Belajar dari Korea dan China yang Alami Gelombang Kedua, Jabar Diminta Hati-hati Longgarkan PSBB

Belajar dari Korea dan China yang Alami Gelombang Kedua, Jabar Diminta Hati-hati Longgarkan PSBB
Tribunjabar.id
Editor: Malda Hot News —Jumat, 15 Mei 2020 13:51 WIB

Terasjabar.id - Pemerintah pusat maupun daerah diminta untuk lebih berhati-hati dan bijak dalam menentukan pelonggaran Pembatasan Sosial Berskala Besar ( PSBB) di Indonesia, termasuk di Jawa Barat.

Hal ini untuk mengantisipasi gelombang kedua penularan Covid-19, seperti yang sudah terjadi di sejumlah negara lainnya.

Ahli epidemiologi dari Universitas Padjadjaran ( Unpad), Pandji Fortuna Hadisoemarto, mengatakan jangankan menghadapi gelombang kedua, katanya, gelombang pertama penularan Covid-19 di Indonesia belum tuntas.
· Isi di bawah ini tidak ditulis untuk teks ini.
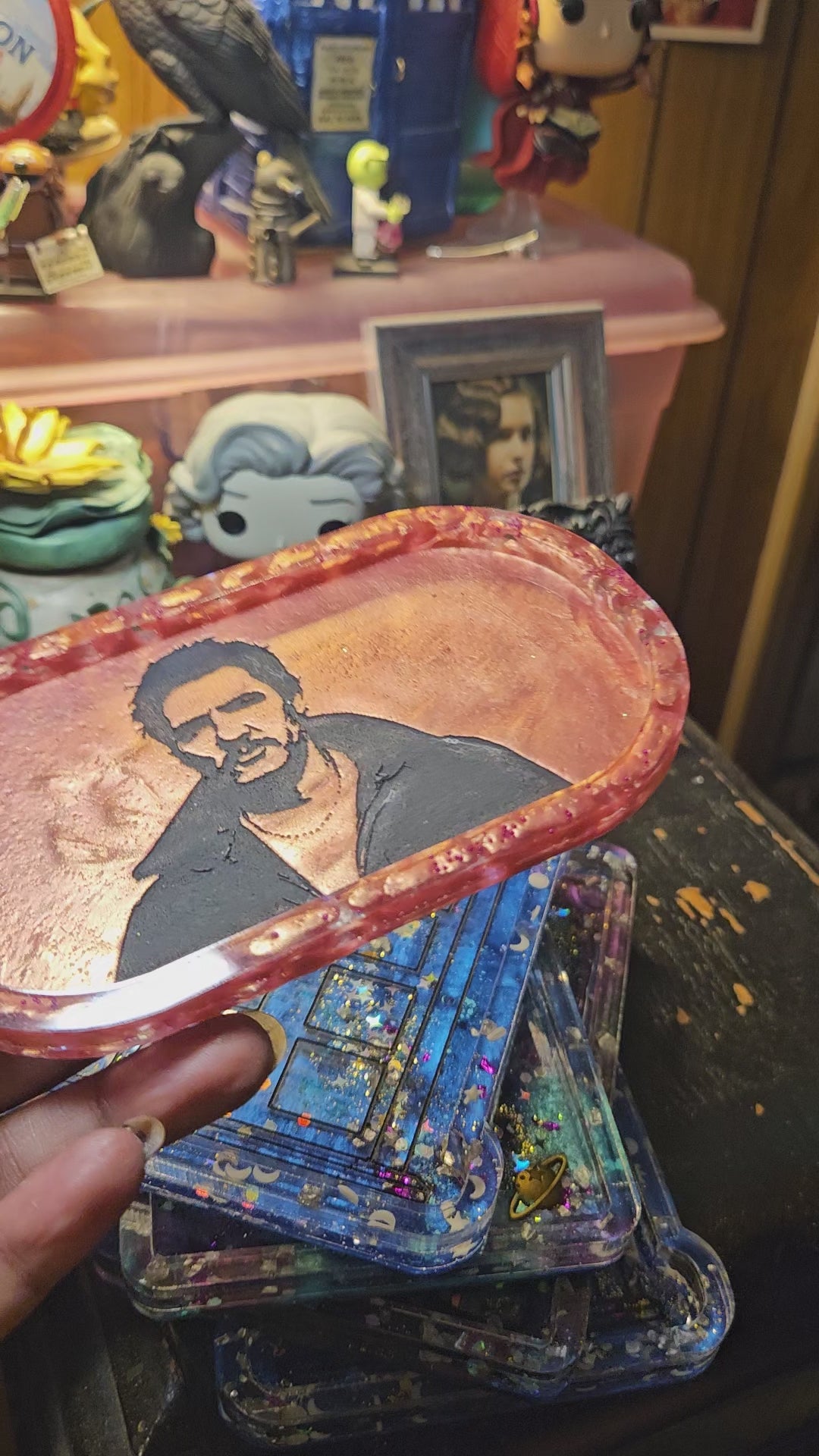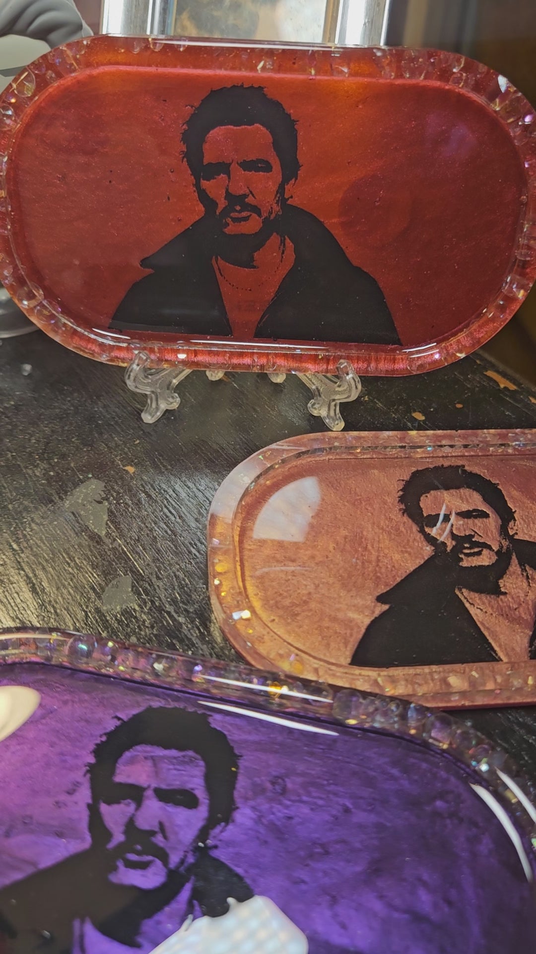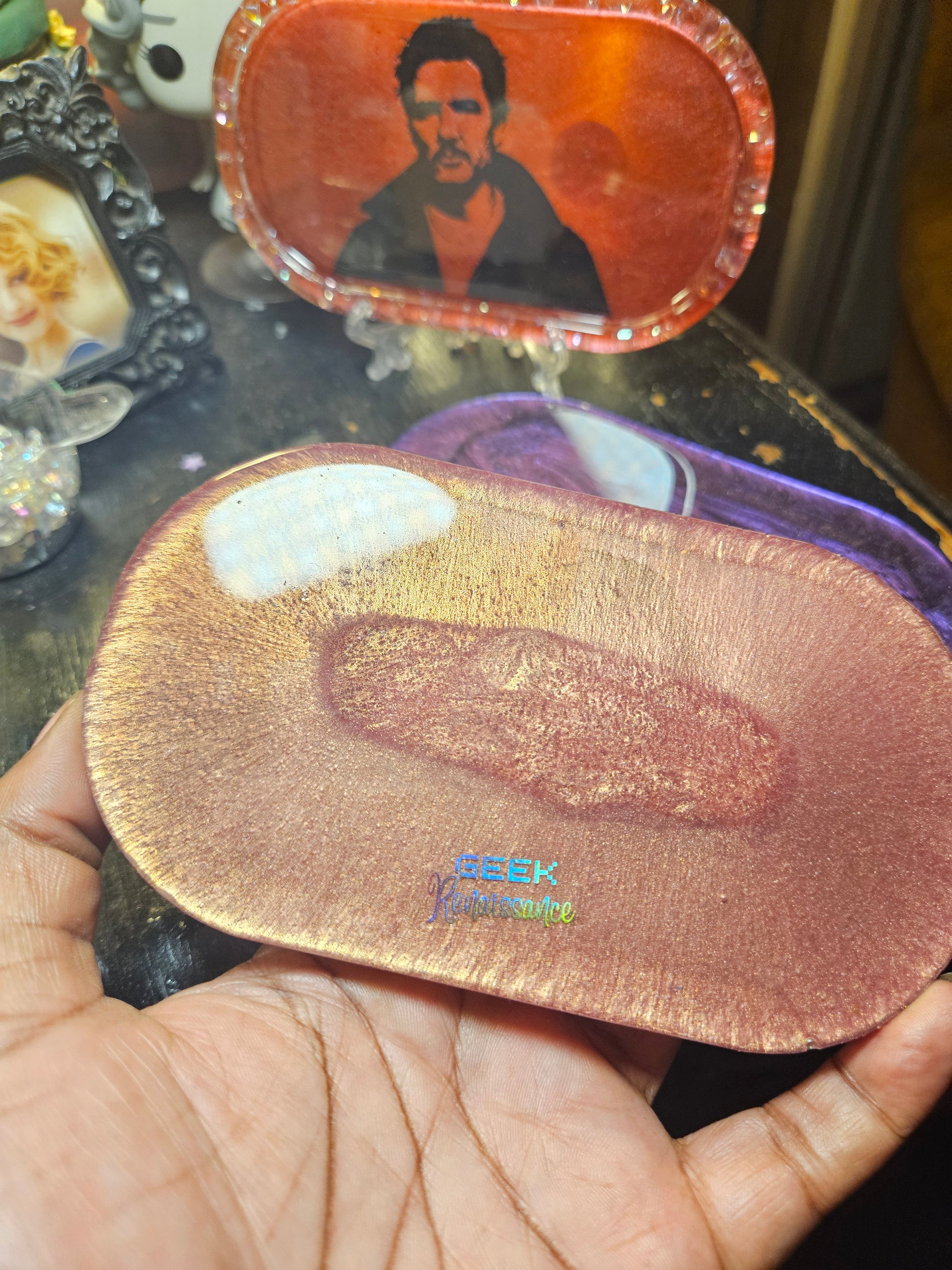 This little tray comes in pearl pink, is made of resin, & features a silhouette of my favorite man. The rim red style with clear, iridescent faux gems. Both sides are sealed for shine & durability.

Termasuk di Jawa Barat, katanya, masih mengalami kasus Covid-19 baru setiap harinya.

"Prinsipnya bukan hanya Jawa Barat punya potensi menghadapi gelombang kedua atau second wave, gelombang pertama yang belum selesai ini juga berpotensi naik lagi bahkan drastis jika tidak ada pengetatan PSBB dan malahan ada rencana pelonggaran PSBB di Jawa Barat," kata Pandji melalui ponsel, Jumat (15/5/2020).
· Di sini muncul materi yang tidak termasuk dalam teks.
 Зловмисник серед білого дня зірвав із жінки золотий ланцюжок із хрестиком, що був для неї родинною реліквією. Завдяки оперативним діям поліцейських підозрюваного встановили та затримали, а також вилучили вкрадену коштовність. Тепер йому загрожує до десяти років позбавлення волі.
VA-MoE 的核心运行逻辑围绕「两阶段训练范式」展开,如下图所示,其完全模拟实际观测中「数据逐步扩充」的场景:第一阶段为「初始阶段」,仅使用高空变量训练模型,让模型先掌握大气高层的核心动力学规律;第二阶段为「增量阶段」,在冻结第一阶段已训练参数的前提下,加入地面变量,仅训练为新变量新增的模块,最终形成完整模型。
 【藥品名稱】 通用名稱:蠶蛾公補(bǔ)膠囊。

Pandji mengatakan pemerintah pun harus mengerti kultur budaya masyarakatnya.

Saat diumumkan ada potensi 63 persen wilayah Jabar yang akan mengalami pelonggaran PSBB, semua orang malah merasa mereka sudah masuk dalam kawasan 63 persen tersebut dan akhirnya mulai beraktivitas seperti biasa walaupun PSBB Jabar belum selesai.

Berdasarkan pemantauan, sejumlah ruas jalan mulai kembali ramai dan aktivitas yang tidak terlalu mendesak pun sudah banyak dilakukan. Bahkan sejumlah tempat ibadah sudah menggelar kembali ibadah berjamaah dan larut dalam euforia akan merayakan Idulfitri seperti biasa. Padahal, grafik penularan Covid-19 masih terjadi bahkan terus meningkat tajam di tingkat nasional.
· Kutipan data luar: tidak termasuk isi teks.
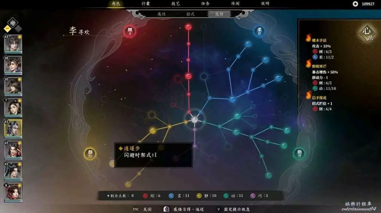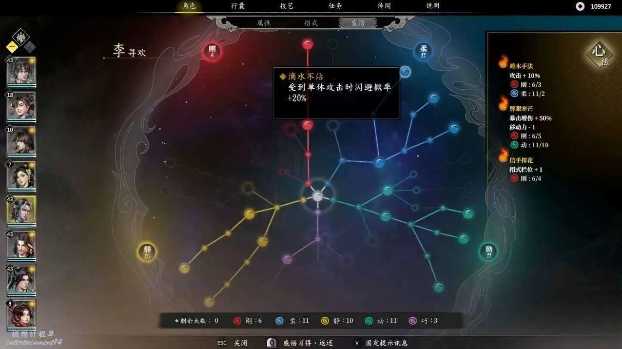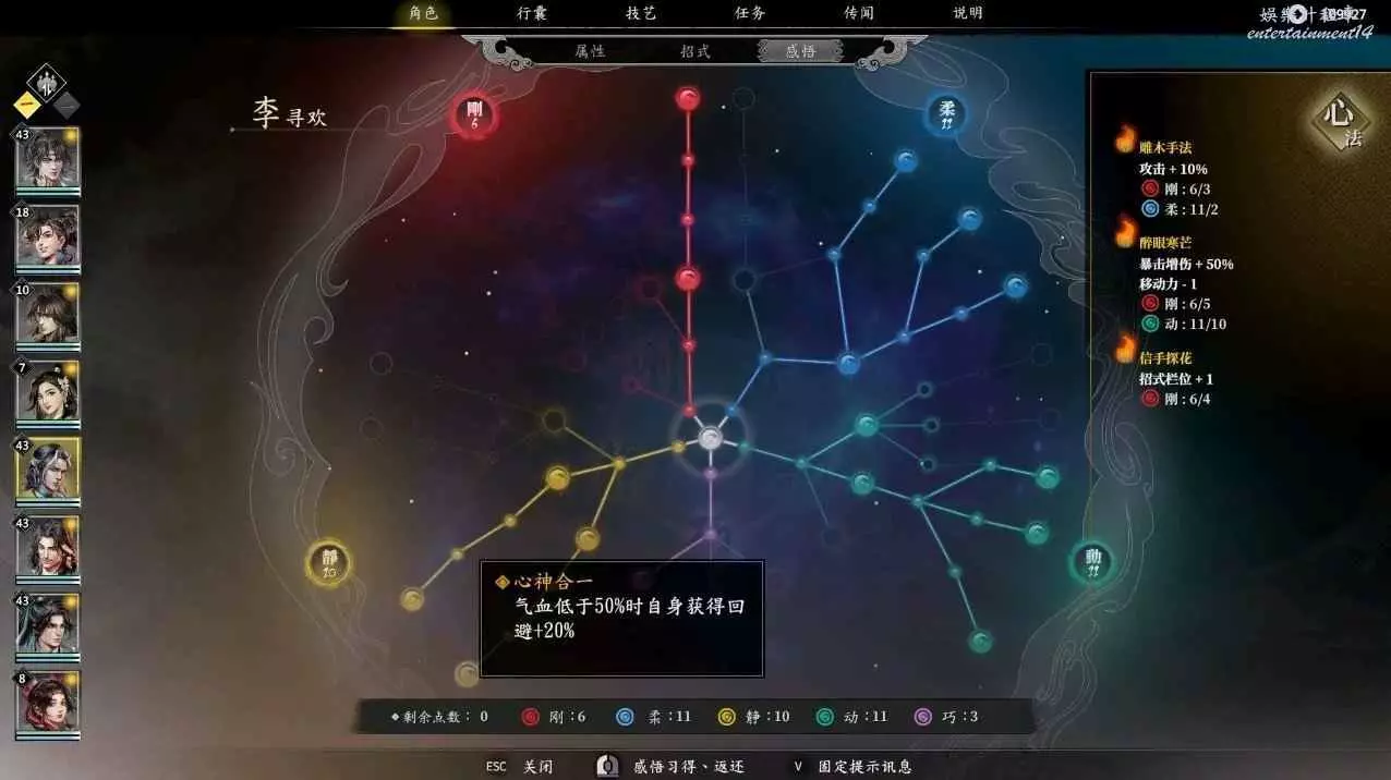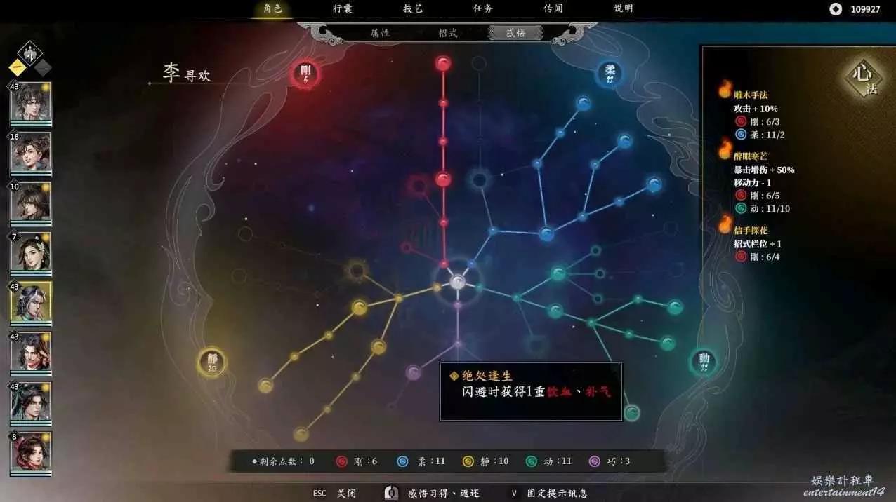 這是閃避流的加點和必要感悟,先分析一下這個流派,常態閃避90%,暴擊55%,暴擊,閃避後加架式,半血以下110%的閃避,還有吸血,回血,回內,你只要注意好占位,我很難想像李尋歡怎麼死!

Pandji pun menyoroti berbagai kebijakan pemerintah untuk melonggarkan transportasi bahkan kebijakan mudik lokal yang sama-sama berpotensi menyebarkan Covid-19 tanpa kendali.

"Kalau PSBB sudah diturunkan (keketatannya) ya akan ada kemungkinan meningkat lagi jumlah kasusnya. Di sisi lain tingkat kekebalan di populasi atau herd immunity masih terbilang sedikit, terlihat dari angka reaktif rapid test yang ternyata masih di bawah lima persen. Artinya ya setidaknya yang punya antibodi baru sekian persen, asumsinya," katanya.

Padahal untuk mencapai herd immunity yang baik, jumlah warga yang kebal terhadap Covid-19 haruslah mencapai antara 60 sampai 70 persen. Namun demikian, kebijakan herd immunity yang telah diterapkan sejumlah negara pun menemui masalah yang berakibat lonjakan pasien corona, seperti di Belanda.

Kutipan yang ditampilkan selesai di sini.